*Your goal:*
What you should give back is every line from the one containing "내담자 앞에서 꺼내보는 실전 질문 가이드." through the last line of the records below, word for word and without pictures.
------------------------------------
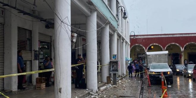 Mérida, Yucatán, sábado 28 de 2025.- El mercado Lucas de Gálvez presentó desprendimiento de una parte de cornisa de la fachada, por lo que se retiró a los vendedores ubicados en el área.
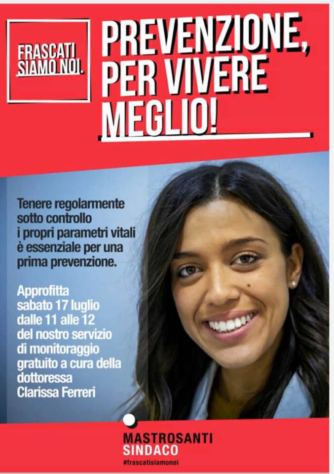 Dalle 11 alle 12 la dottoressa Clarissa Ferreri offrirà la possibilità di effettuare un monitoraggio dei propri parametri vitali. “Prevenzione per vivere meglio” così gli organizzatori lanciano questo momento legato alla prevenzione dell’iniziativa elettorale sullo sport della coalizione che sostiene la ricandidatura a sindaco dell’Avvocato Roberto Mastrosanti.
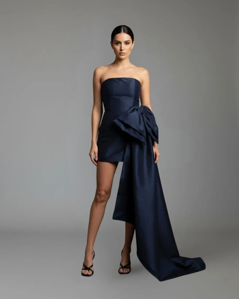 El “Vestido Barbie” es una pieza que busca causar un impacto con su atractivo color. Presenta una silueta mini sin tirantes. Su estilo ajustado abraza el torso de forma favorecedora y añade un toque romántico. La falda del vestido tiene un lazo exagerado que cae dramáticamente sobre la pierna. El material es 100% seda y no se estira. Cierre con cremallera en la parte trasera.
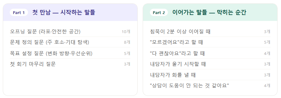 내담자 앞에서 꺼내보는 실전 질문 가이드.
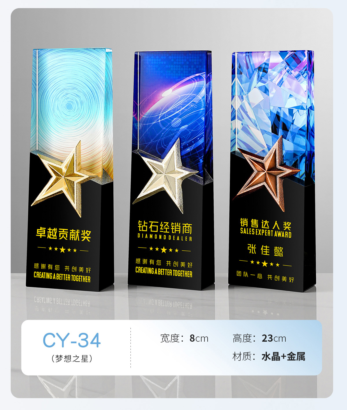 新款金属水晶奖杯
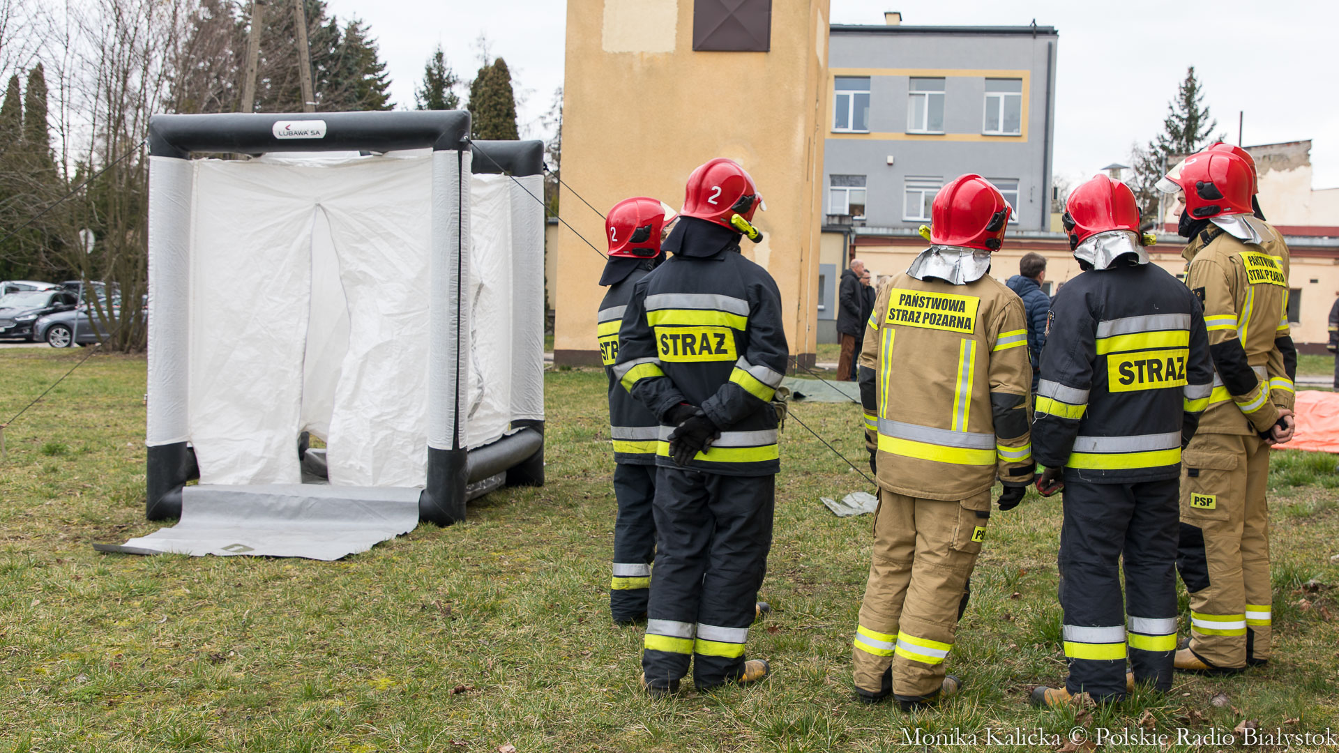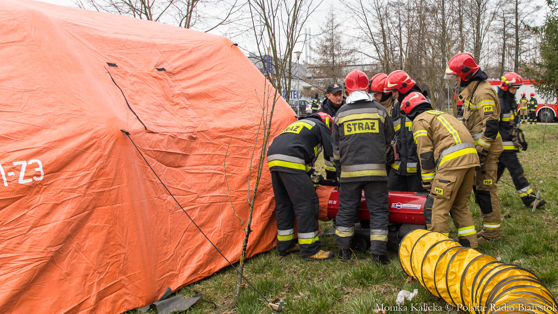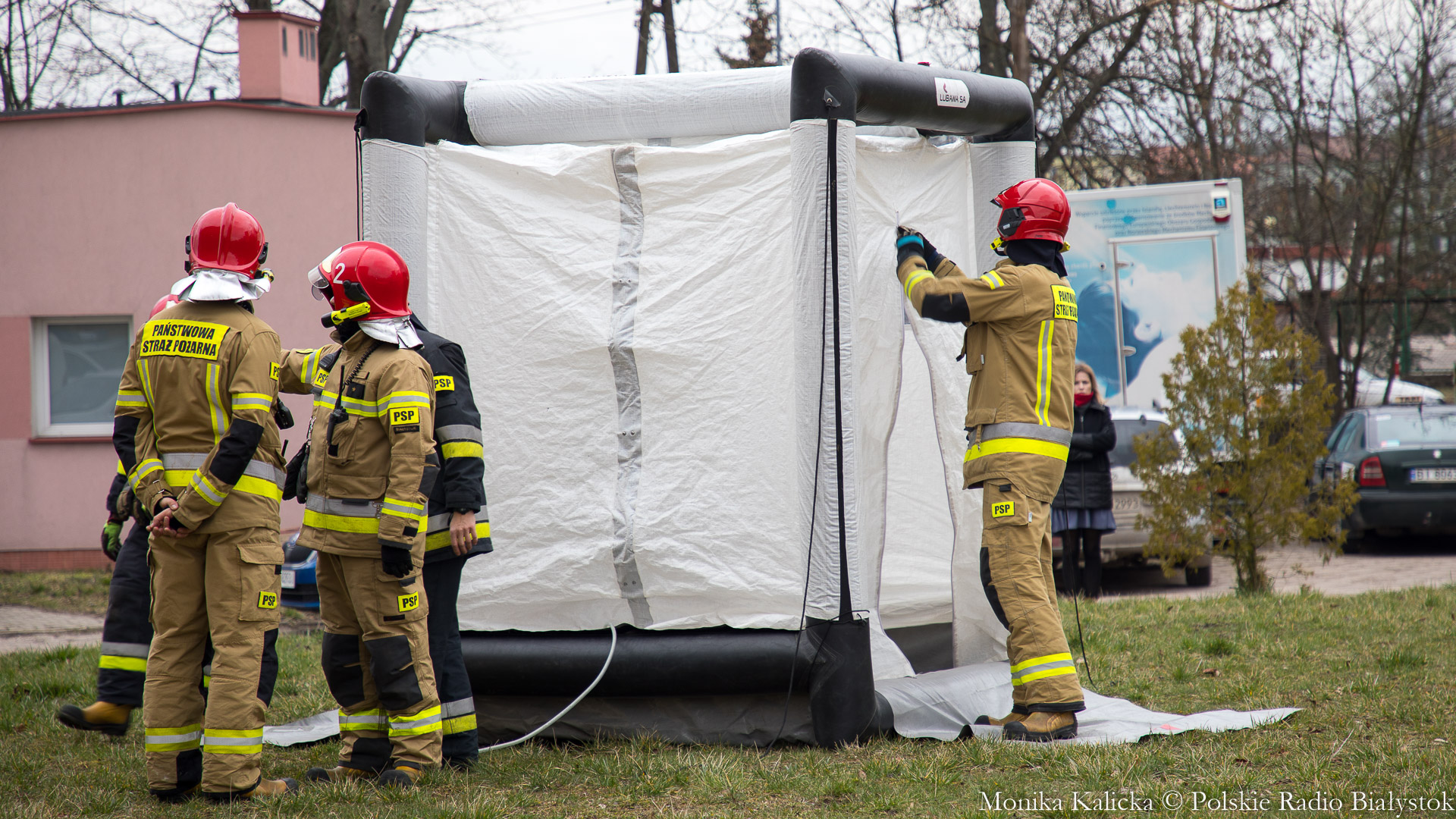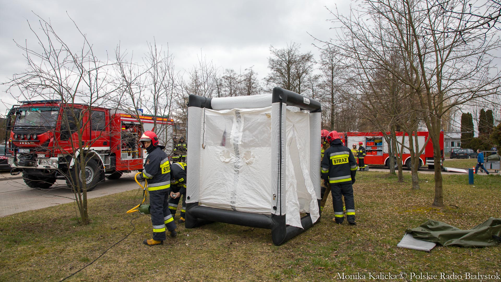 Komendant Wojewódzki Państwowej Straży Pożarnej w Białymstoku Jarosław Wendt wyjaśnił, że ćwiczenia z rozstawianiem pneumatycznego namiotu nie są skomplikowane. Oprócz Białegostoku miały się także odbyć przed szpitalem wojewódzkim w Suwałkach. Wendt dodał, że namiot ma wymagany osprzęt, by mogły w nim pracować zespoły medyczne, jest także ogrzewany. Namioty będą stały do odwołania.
------------------------------------
*Solution to the problem:*
 내담자 앞에서 꺼내보는 실전 질문 가이드.
 新款金属水晶奖杯
 Komendant Wojewódzki Państwowej Straży Pożarnej w Białymstoku Jarosław Wendt wyjaśnił, że ćwiczenia z rozstawianiem pneumatycznego namiotu nie są skomplikowane. Oprócz Białegostoku miały się także odbyć przed szpitalem wojewódzkim w Suwałkach. Wendt dodał, że namiot ma wymagany osprzęt, by mogły w nim pracować zespoły medyczne, jest także ogrzewany. Namioty będą stały do odwołania.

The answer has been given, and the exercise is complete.